Chinka urodziła się w „ciąży”. Podczas badania noworodka lekarze znaleźli w niej pasożytnicze bliźnięta. W jamie dziecka widoczne były nogi, ramiona, kręgosłup, klatka piersiowa i jelita.
Dziecko miało zaledwie trzy tygodnie, kiedy musiało przejść pierwszą w swoim krótkim życiu operację usunięcia pasożytniczych krewnych. Jeden z bliźniaków ważył 14,2 grama, a drugi 9,3 grama. Ponadto każdy z nich miał pępowinę. Operacja zakończyła się sukcesem i po ośmiu dniach dziewczynka została wypisana ze szpitala.

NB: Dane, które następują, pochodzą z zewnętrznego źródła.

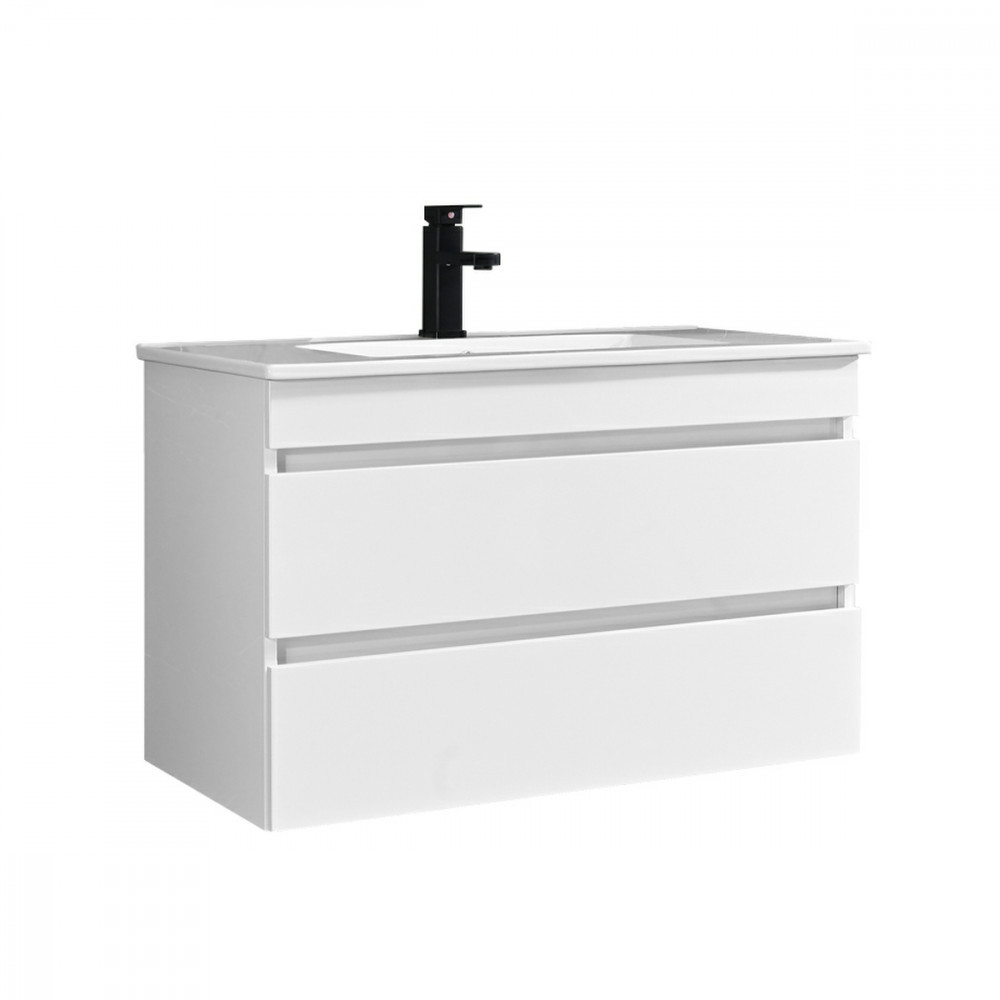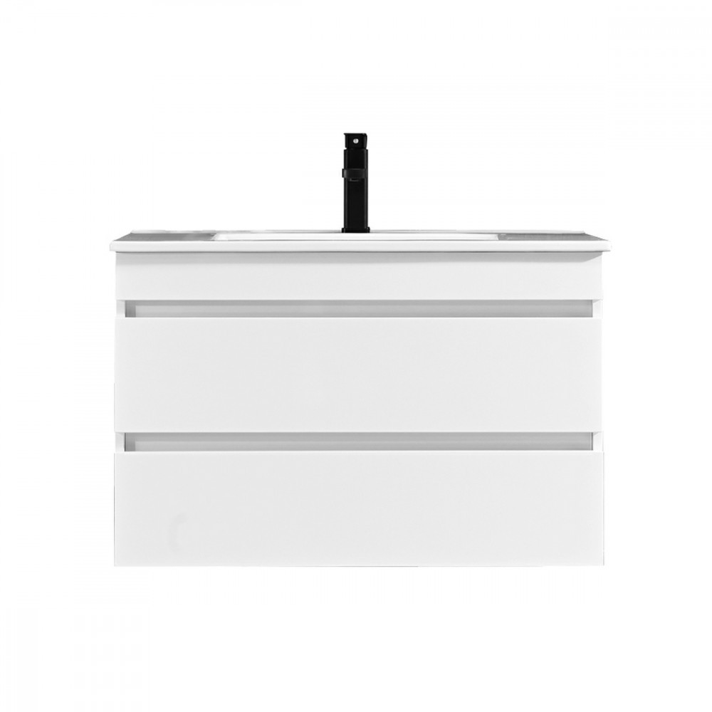 Cube 80 alsó fürdőszobabútor kerámia mosdóval 2 fiókos, magasfényű festett fehér
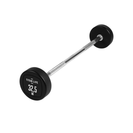 TITAN LIFE PRO Barbell 32,5 kg er en vægtstang med fast vægt, som både kan bruges til at træne biceps og triceps. Vægtenheden er svejset fast til vægtstangen og beklædt med polyurethan. Den er egnet til træningscenteret, foreningsfitness mm. Fordelen med en vægtstang med fast vægt er, at der ikke skal bruges tid på udskiftning af vægtskiver, samt at vægtstørrelser har et spring på 5 kg. fra 10 – 45 kg.

Jest to niezwykle rzadki przypadek, który wynosi 1 na 500 tys. W historii znanych jest mniej niż 200 takich anomalii rozwojowych.
- Prawie niemożliwe jest wykrycie anomalii podczas badania prenatalnego, ponieważ zarodek wewnątrz dziecka był za mały - zauważyli lekarze.
Jednak przyczyny takich przypadków są nadal nieznane. Jednak jako jedna z opcji - częste aborcje matki, które spowodowały nieprawidłowy rozwój dwóch płodów wewnątrz trzeciego.